**ASSIGNMENT:** Give the data again exactly as it appears, excluding any pictures.

**INFORMATION PROVIDED:**
==================================================

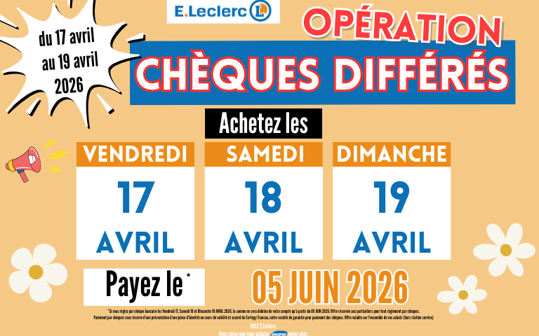 Choisissez d’acheter les 17, 18 et 19 avril 2026 dans votre E. Leclerc Crèvecoeur-Le-Grand et ne payez que le 5 juin 2026* !
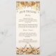Elevem seu banquete de Ação de Graças com este charmoso menu de aquarela com cones de pínus complexos e flores delicadas. Perfeito por adicionar um toque de elegância rústica à sua mesa de férias. Este modelo de menu é fácil de personalizar com os seus próprios pratos e informações dietéticas.
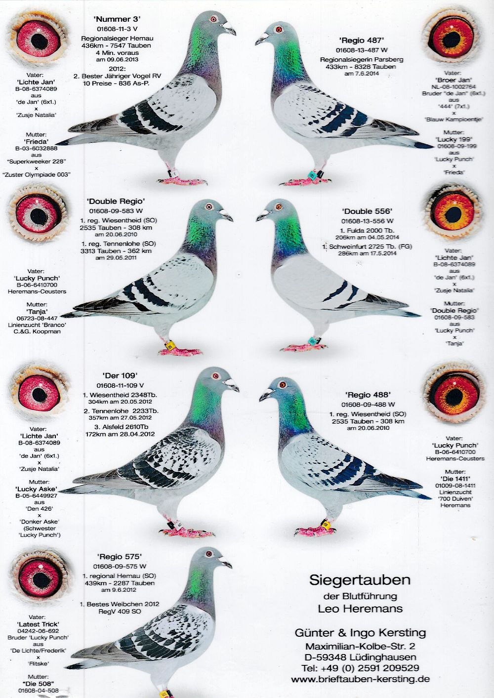 oryg. Kersting G. & I. (100% Heremans-Ceusters), syn "Lichte Jan", wnuk "Lucky Punch" Szczegóły pochodzenia w rodowodzie. Gołąb jest sprzedawany bezpośrednio od hodowcy i znajduje się w Polsce, można go obejrzeć w miejscowości Zblewo (woj. pomorskie), po wcześniejszym kontakcie telefonicznym. Więcej informacji o gołębiu i transporcie pod nr tel.: 511 607 710.

==================================================

**WRITTEN RESPONSE:**
 Choisissez d’acheter les 17, 18 et 19 avril 2026 dans votre E. Leclerc Crèvecoeur-Le-Grand et ne payez que le 5 juin 2026* !
Elevem seu banquete de Ação de Graças com este charmoso menu de aquarela com cones de pínus complexos e flores delicadas. Perfeito por adicionar um toque de elegância rústica à sua mesa de férias. Este modelo de menu é fácil de personalizar com os seus próprios pratos e informações dietéticas.
 oryg. Kersting G. & I. (100% Heremans-Ceusters), syn "Lichte Jan", wnuk "Lucky Punch" Szczegóły pochodzenia w rodowodzie. Gołąb jest sprzedawany bezpośrednio od hodowcy i znajduje się w Polsce, można go obejrzeć w miejscowości Zblewo (woj. pomorskie), po wcześniejszym kontakcie telefonicznym. Więcej informacji o gołębiu i transporcie pod nr tel.: 511 607 710.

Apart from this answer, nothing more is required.